One big question, how does your ‘printf’ function work. If it is based on ‘Semihosting’, then often it will interfere with how FreeRTOS wants to work. The second question, do you have Preemtion enabled? If not then unless printf was is using an output designed for an RTOS, and has a block in it, once you get into one of the continous task, you have no ‘yield’ point, and thus never allow the system to swtich tasks. Last, you many need to make sure your printf is reentrant and usable in an RTOS enviornment, sometimes library functions aren’t.

Yeah printf is based on semihosting and seems like it’s blocking the execution or somehow is not reentrant. UART printf it’s working as intended.

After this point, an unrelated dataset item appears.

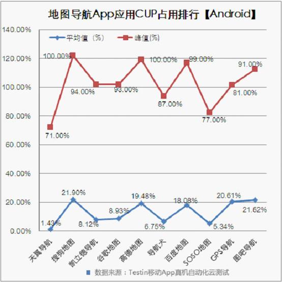 从CPU消耗来看,所有参加测试的10家App平均水平为13.21%。 其中天翼导航能耗最省,凯立德、导航犬、SOSO地图等表现也较为突出,搜狗地图以21.90%的占比排名垫底。

Semihosting often doesn’t block but will spin in a tight idle loop, perhaps with interrupts being blocks. If the UART driver has the proper blocking, that would allow the switching. I would still double check that you have preemption enabled, as that still might be part of the issue, which has now been hidden by the fact that the tasks continully are blocking, providing context change points. If you change the continous tasks to do some other long running operation that doesn’t need blocking, you may find that you get the starving again without preemption. Turning off preemption makes things ‘tactically’ simpler, as you don’t need to worry about as many inter-task sharing concerns due to the limited context switch points. It does make things significantly more complicated in a ‘stratigic’ sense, as now every task, even low prioirty ones, need to make allowance for the highest priority response time by frequently providing context switch points.